The Pandora Acquisition was accounted for using the acquisition method of accounting. The excess purchase price over identifiable net tangible and intangible assets of $1,553 was recorded to Goodwill in our consolidated balance sheets as of December 31, 2019. Refer to Note 9 for a further discussion of Pandora goodwill which was impaired in the year ended December 31, 2020. A total of $776 has been allocated to identifiable intangible assets subject to amortization and relates to the assessed fair value of the acquired customer relationships and software and technology and is being amortized over the estimated weighted average useful lives of 8 and 5 years, respectively. A total of $331 has been allocated to identifiable
indefinite lived intangible assets and relates to the assessed fair value of the acquired trademarks. The fair value assessed for the majority of the remaining assets acquired and liabilities assumed equaled their carrying value. Goodwill represents synergies and economies of scale expected from the combination of services. Goodwill has been allocated to the Pandora segment. Additionally, in connection with the Pandora Acquisition, we acquired gross net operating loss (“NOL”) carryforwards of approximately $1,287 for federal income tax purposes that are available to offset future taxable income. The acquired NOL's are limited by Section 382 of the Internal Revenue Code. Those limitations are not expected to impact our ability to fully utilize those NOL's within the carryforward period.
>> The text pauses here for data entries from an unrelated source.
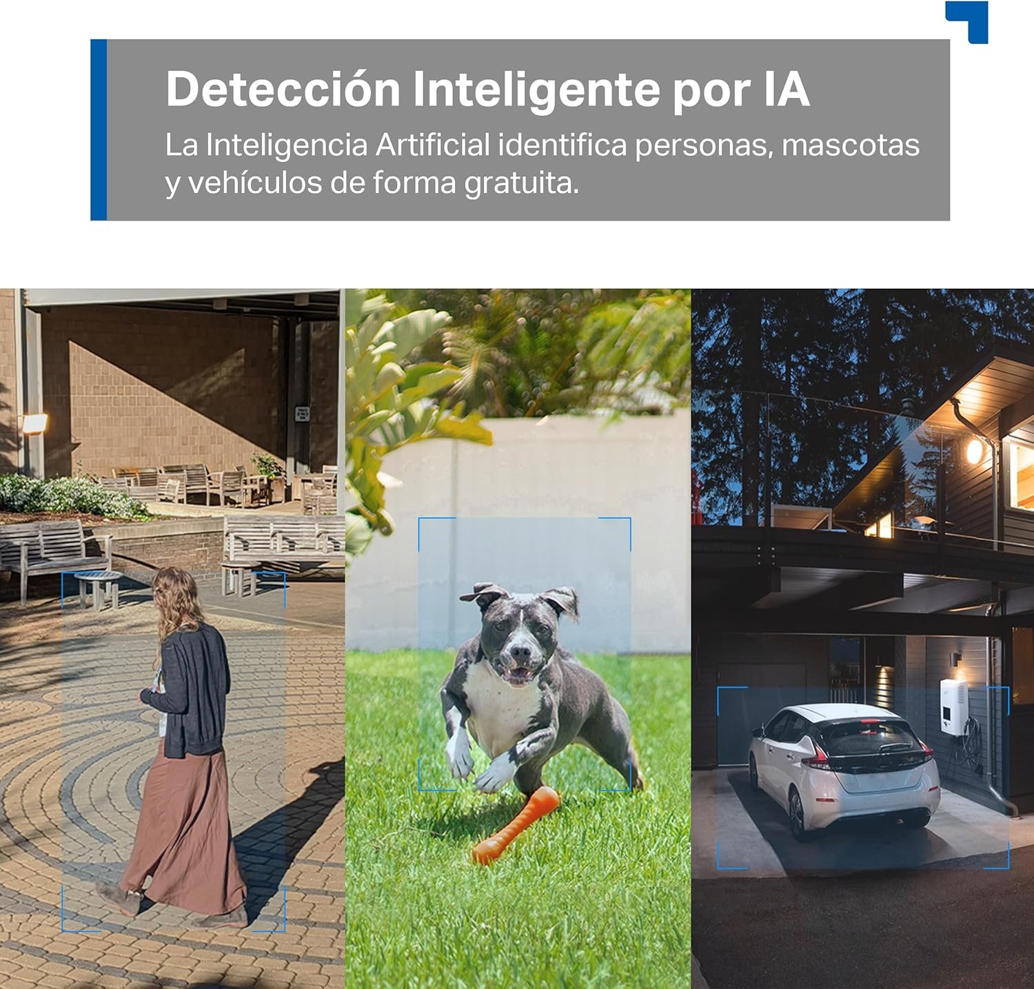 Detección gratuita de personas, mascotas y vehículos: la IA inteligente identifica personas, mascotas y vehículos y notifica a los usuarios según sea necesario.
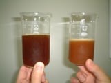 右側の色が薄く見えるのは、たくさんの酵母が浮遊しているからです。
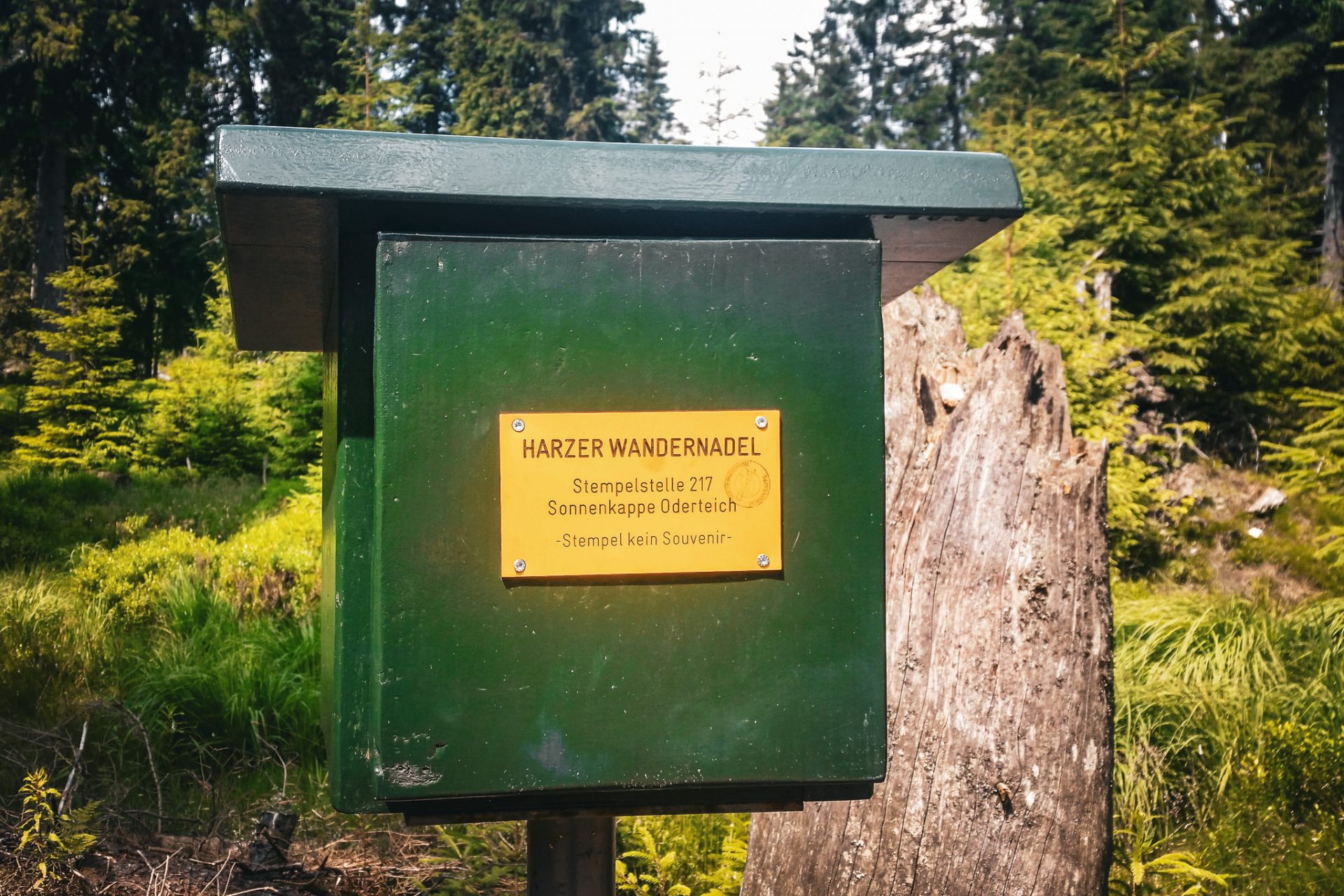 Am Oderteich holten wir uns die nächste Stempelstelle der Harzer Wandernadel, Stempel 217. Danach führte der Weg entspannt am Wasser entlang über den Oderteichweg zurück nach Königskrug.
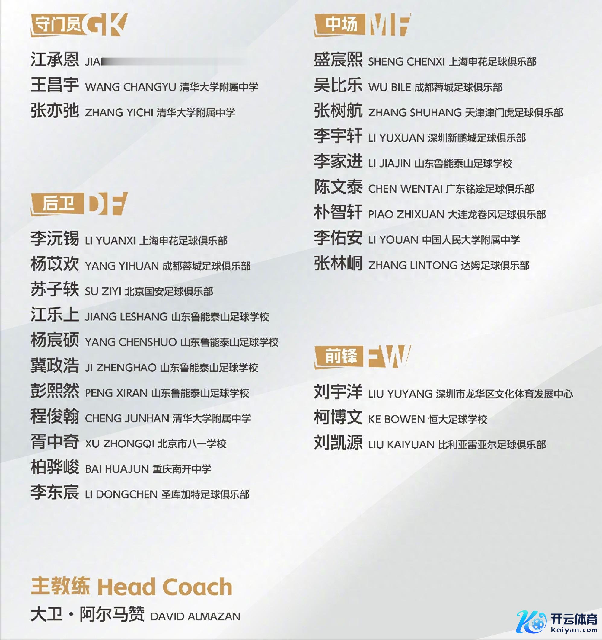 本次名单星光熠熠,刘凯源(比利亚雷亚尔) 领衔锋线,搭配张林峒(达姆)、李东宸(圣库加特) 三位留洋小将,成为最大看点。国内班底以山东鲁能足校(5东谈主)、清华附中(3东谈主) 为中枢,兼顾做事梯队与校园足球东谈主才,结构平衡。
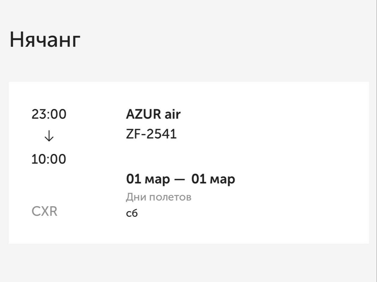 Авиакомпания AZUR Air выполнит прямой рейс во Вьетнам 1 марта, в субботу. По предварительным данным, чартерные самолеты будут летать на курорт примерно раз в десять дней. Время в полете займет 11 часов.

We recognized acquisition related costs of $84 that were expensed in Acquisition and restructuring costs in our consolidated statements of comprehensive income during the year ended December 31, 2019.
Pro Forma Financial Information
Pandora was consolidated into our financial statements starting on the acquisition date, February 1, 2019. The aggregate revenue and net loss of Pandora consolidated into our financial statements was $1,607 and $303, respectively, for the year ended December 31, 2019. The following pro forma financial information presents our results as if the Pandora Acquisition had occurred on January 1, 2018:
For the Years Ended December 31,
2020 2019 2018
Total revenue $ 8,046  $ 7,921  $ 7,348 
Net income $ 131  $ 938  $ 844 

These pro forma results are based on estimates and assumptions, which we believe are reasonable. They are not the results that would have been realized had the acquisition actually occurred on January 1, 2018 and are not indicative of our consolidated results of operations in future periods. The pro forma results primarily include adjustments related to amortization of acquired intangible assets, depreciation of property and equipment, acquisition costs, fair value gain or loss on the Pandora investment and associated tax impacts.